Internet or video games including social networking sites, how will you maintain your
physical fitness?

To stay physically healthy as a working or full-time student in the age of the Internet,
video games, and social media, it's critical to plan frequent exercises, set realistic
objectives, and value consistency. Choose time-saving activities, including physical
activity in your daily routine, and minimize your screen time. Participating in group
exercise activities, eating well, getting enough sleep, seeking help, and using
technology sensibly may all help to create a balance between academics, work, and
fitness, assuring not just a healthy body but also enhanced focus and general well-
being.

3. Make your own Personal Fitness Plan

1. Fitness goals:
✔ Enhance core stability and balance.

✔ Increase muscular strength.

✔ Improve agility and cardiovascular endurance.

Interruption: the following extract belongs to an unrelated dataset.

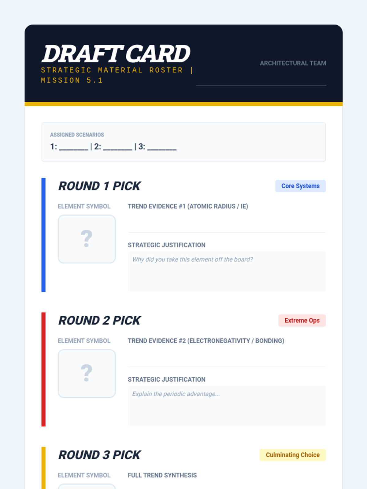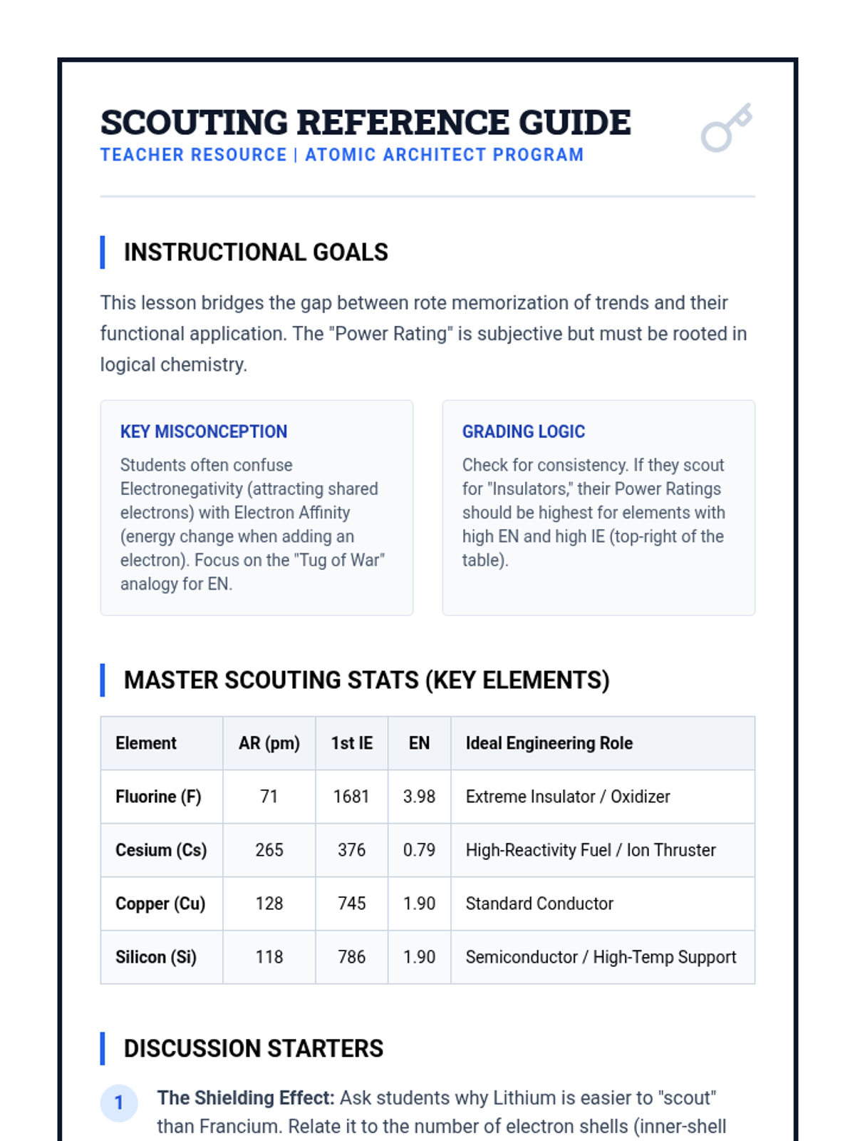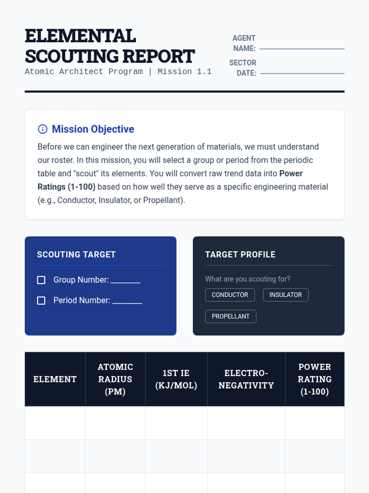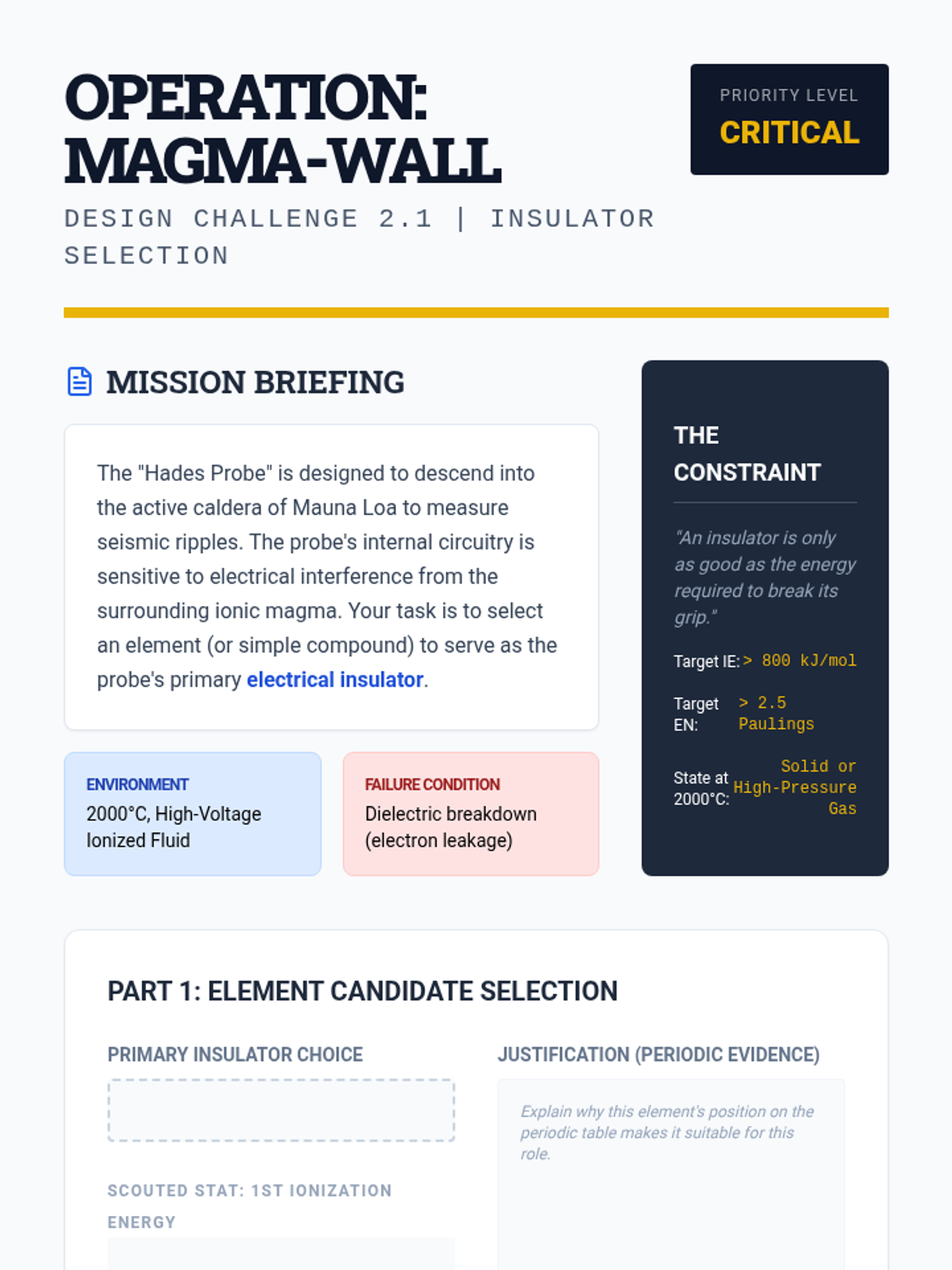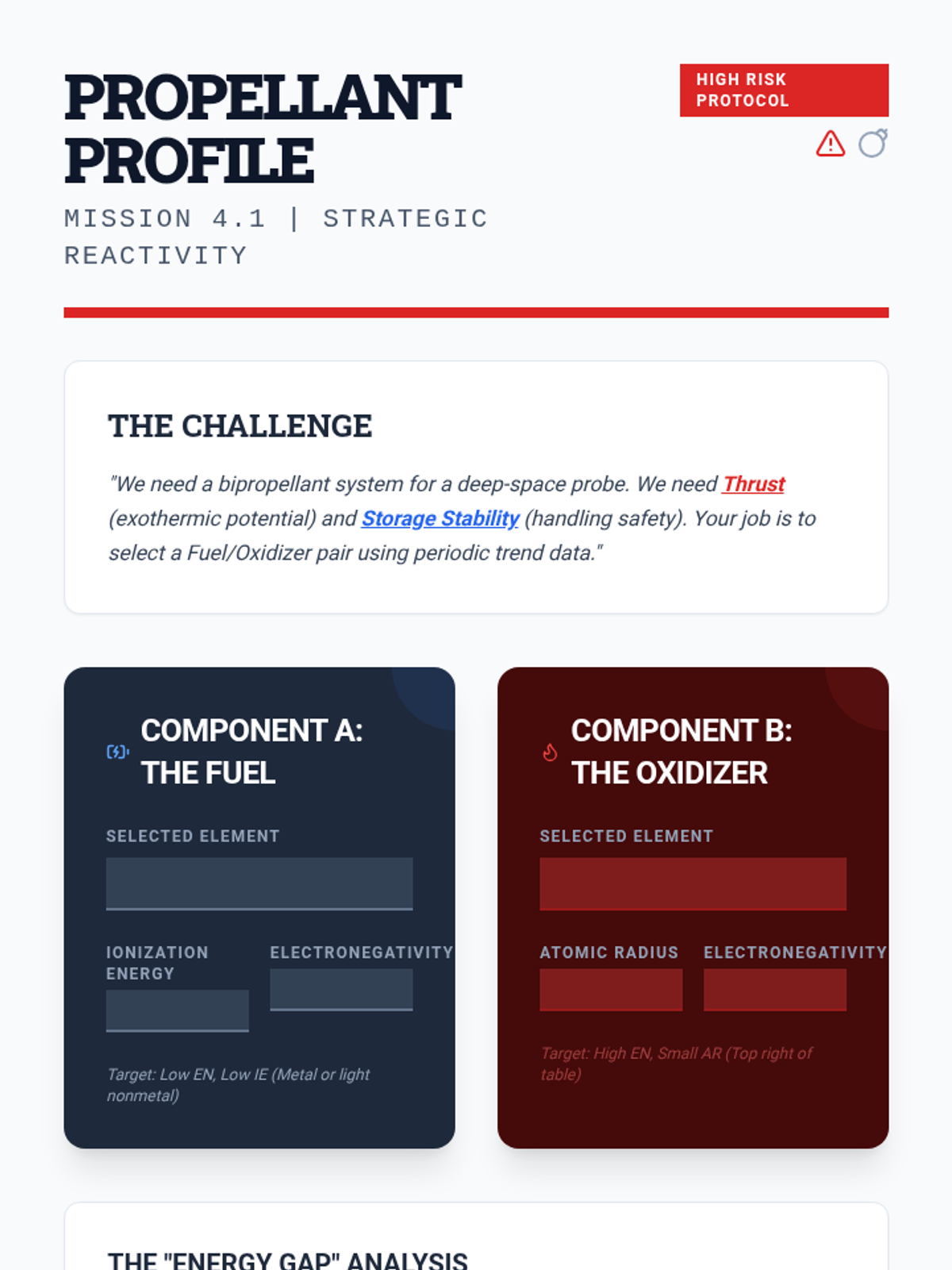 A 12th-grade chemistry sequence where the periodic table is treated as a strategic inventory for engineering. Students master periodic trends (atomic radius, ionization energy, electronegativity) to solve design challenges ranging from insulation to rocket propellants.

✔ Participate in regular strength training workouts.


Movement Enhancement 2

Week 1-4: Building Strength and Endurance


Monday: Strength Training

✔ Full-body strength workout (bodyweight exercises or gym equipment) - 3 sets


of 10-12 reps each.

✔ 10 minutes of dynamic stretching.

Wednesday: Cardiovascular Workout


 30 minutes of cycling or swimming.
 10 minutes of static stretching.

Friday: Rest and Recovery


Incorporate a rest day to allow muscles to recover.

Week 5-8: Increasing Intensity and Flexibility


Monday: Cardiovascular Workout
 40 minutes of running or brisk walking.
 10 minutes of yoga for flexibility.

Wednesday: Strength Training


 Targeted muscle group workouts (focus on upper body one day, lower body the
next) - 3 sets of 8-10 reps each.
 10 minutes of dynamic stretching.

Friday: Cardiovascular Workout


 45 minutes of high-intensity interval training (HIIT).
 10 minutes of static stretching.
Movement Enhancement 3

Week 9-12: Advanced Training and Core Focus


Monday: Strength Training
 Advanced strength exercises (e.g., weighted squats, deadlifts) - 3 sets of 6-8
reps each.
 10 minutes of core-specific exercises (planks, Russian twists).

Wednesday: Cardiovascular Workout


 45 minutes of interval running or spinning.
 10 minutes of yoga for relaxation.

Friday: Strength and Cardio Combo


 Circuit workout combining strength and cardio exercises - 4 sets of 8-10 reps
each.
 10 minutes of dynamic stretching.

Nutrition Guidelines:
 Eat a well-balanced diet that includes lean proteins, entire grains, and a variety of
fruits and vegetables.
 Use portion management and attentive eating to your advantage.
 Drink at least 8 glasses of water every day to stay hydrated.
 Reduce your intake of processed meals, sugary snacks, and alcohol.
 For maximum healing and vigor, get 7-9 hours of excellent sleep every night.